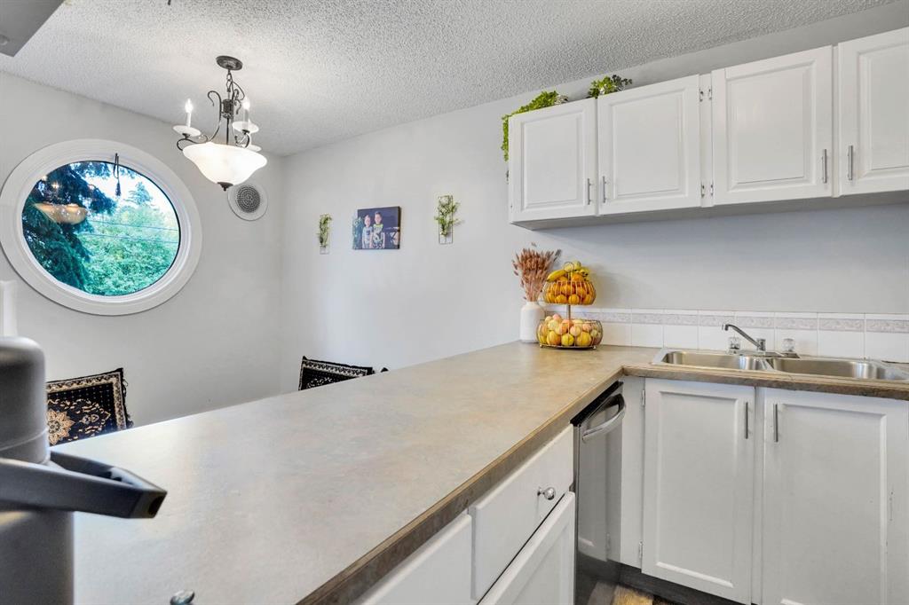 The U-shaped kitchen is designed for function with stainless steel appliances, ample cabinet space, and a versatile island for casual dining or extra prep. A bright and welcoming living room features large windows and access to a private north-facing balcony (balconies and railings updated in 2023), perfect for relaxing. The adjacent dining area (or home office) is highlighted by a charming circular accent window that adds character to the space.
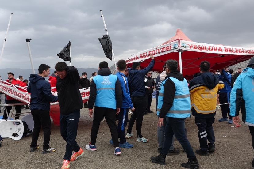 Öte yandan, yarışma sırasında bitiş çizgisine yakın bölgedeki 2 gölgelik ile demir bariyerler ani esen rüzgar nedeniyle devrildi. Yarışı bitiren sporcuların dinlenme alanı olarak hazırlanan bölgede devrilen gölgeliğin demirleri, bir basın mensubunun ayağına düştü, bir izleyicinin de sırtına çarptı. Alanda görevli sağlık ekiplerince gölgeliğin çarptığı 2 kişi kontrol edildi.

==

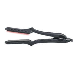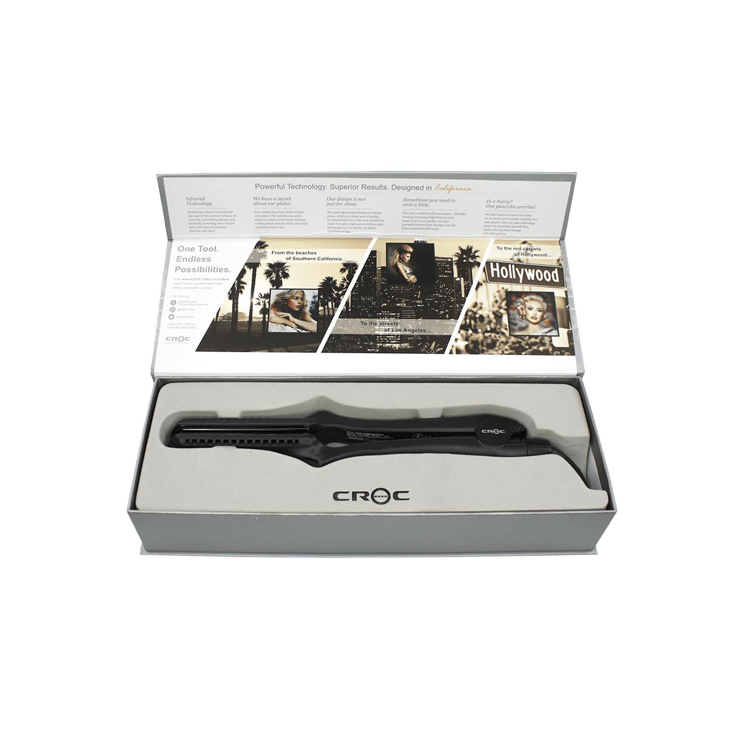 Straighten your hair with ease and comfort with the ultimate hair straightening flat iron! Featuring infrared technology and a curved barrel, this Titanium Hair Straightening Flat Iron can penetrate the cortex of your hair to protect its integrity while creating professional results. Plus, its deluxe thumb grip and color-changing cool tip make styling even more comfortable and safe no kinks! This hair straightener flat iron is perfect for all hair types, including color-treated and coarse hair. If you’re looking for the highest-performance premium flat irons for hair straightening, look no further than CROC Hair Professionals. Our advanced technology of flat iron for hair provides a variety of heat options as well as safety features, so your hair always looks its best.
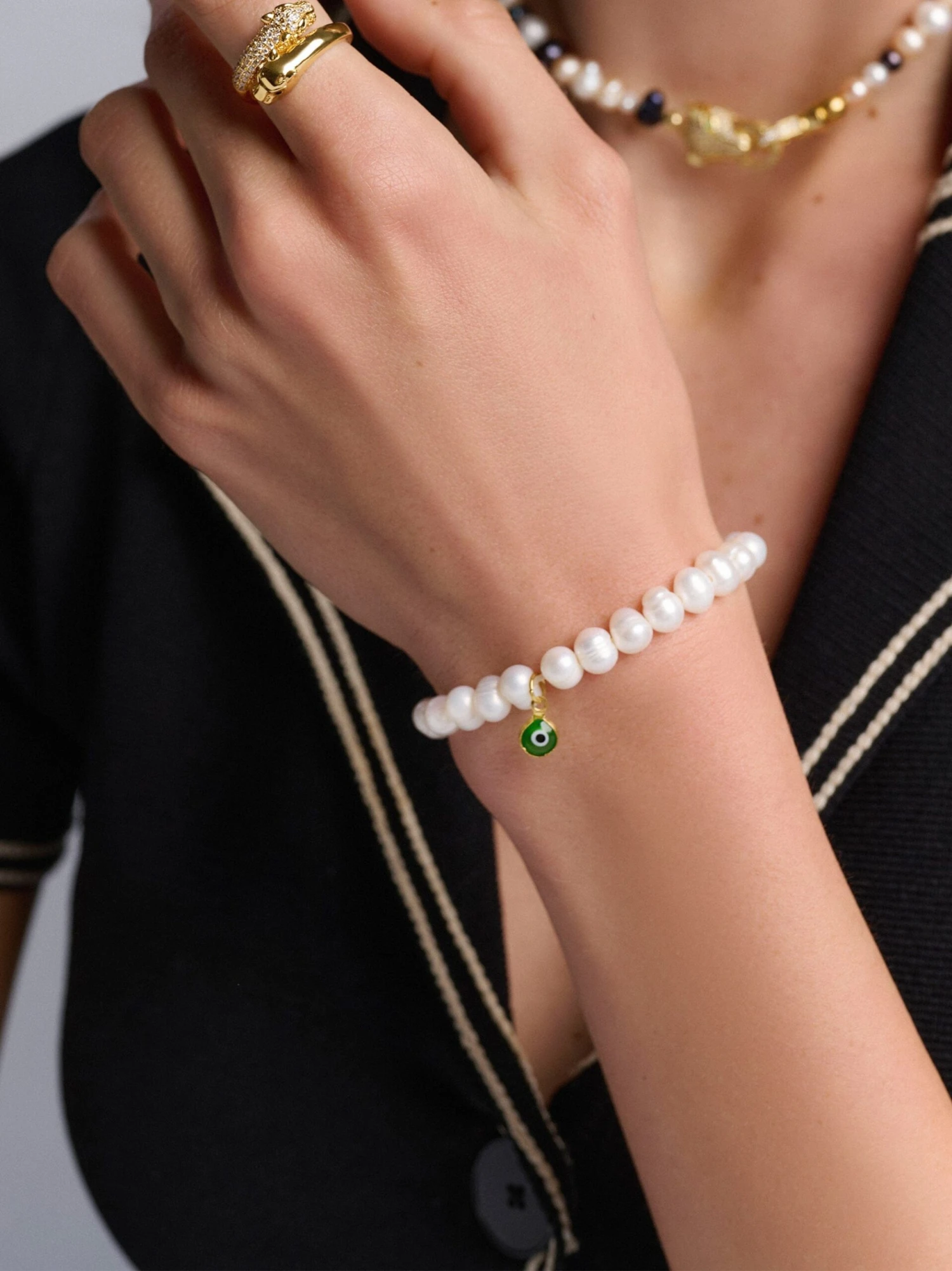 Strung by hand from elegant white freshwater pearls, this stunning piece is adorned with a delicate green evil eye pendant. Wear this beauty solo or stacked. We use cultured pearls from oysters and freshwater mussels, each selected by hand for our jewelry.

## Task objective
Exactly the lines above from the one that contains "Straighten your hair" down to the one that contains "Strung by hand" are to be output, both ends kept and pictures omitted.

## Solution to this exercise
 Straighten your hair with ease and comfort with the ultimate hair straightening flat iron! Featuring infrared technology and a curved barrel, this Titanium Hair Straightening Flat Iron can penetrate the cortex of your hair to protect its integrity while creating professional results. Plus, its deluxe thumb grip and color-changing cool tip make styling even more comfortable and safe no kinks! This hair straightener flat iron is perfect for all hair types, including color-treated and coarse hair. If you’re looking for the highest-performance premium flat irons for hair straightening, look no further than CROC Hair Professionals. Our advanced technology of flat iron for hair provides a variety of heat options as well as safety features, so your hair always looks its best.
 Strung by hand from elegant white freshwater pearls, this stunning piece is adorned with a delicate green evil eye pendant. Wear this beauty solo or stacked. We use cultured pearls from oysters and freshwater mussels, each selected by hand for our jewelry.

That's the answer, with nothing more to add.